June 23, 2025
One of the most common and dangerous mistakes in community organizing is confusing the personal with the institutional.
Once you’re part of an organization that manages a resourced budget, employs staff, and holds material power and influence over vulnerable populations and smaller groups, you are no longer acting as just an individual. You represent an institution. Your words, actions, and decisions carry institutional weight, especially when you hold leadership roles. You wield institutional power.
Institutions, no matter how community-based or grassroots they claim to be, are accountable to the people and organizations that invest in them through time, money, labour, or trust.
Accountability means being open to internal and external critique when you are in leadership, because you are no longer acting solely on your own behalf. Institutional critique—meaning the practice of holding organizations accountable for how they wield power—is necessary for any group that claims to be community-rooted. Without it, you stop being of service and start gatekeeping power.
The danger arises when institutional leaders and the people around them blur the lines between their personal journeys, feelings, relationships, and the structures they control.
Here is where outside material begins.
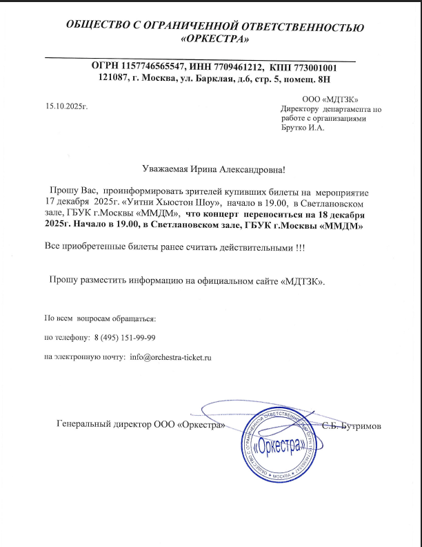 Уважаемый клиент! Спешим сообщить, что по информации, полученной от организатора, Уитни Хьюстон Шоу, запланированное на 17 декабря 2025г. в 19.00 в Доме музыки, переносится на 18 декабря 2025г. в 19.00. Ранее приобретенные билеты действительны на новую дату. По всем вопросам обращаться:по телефону: 8 (495) 151-99-99; на электронную почту: info@orchestra-ticket.ru С уважением, команда поддержки Ticketland.

When that happens, power gets misplaced.
Feedback is taken as betrayal. Calls for accountability are received as personal attacks. Personal trauma becomes a shield against institutional responsibility. Punishment is framed as protecting relationships and boundaries. Discomfort becomes a justification for retaliation. Harm to others is disguised as care for oneself.
This is not to say institutions are inherently bad or that community organizing should never become institutionalized. People deserve to be paid fairly for work that has often gone unpaid. Community care is more sustainable when it is resourced.
But power and leadership must come with accountability. And accountability begins with knowing the difference between personal discomfort and institutional responsibility.
If not, the oppressed eventually become the oppressors. You end up reproducing the very harms you once resisted, just with different people at the top.
Justice becomes an aesthetic. The performance remains, but the purpose is lost.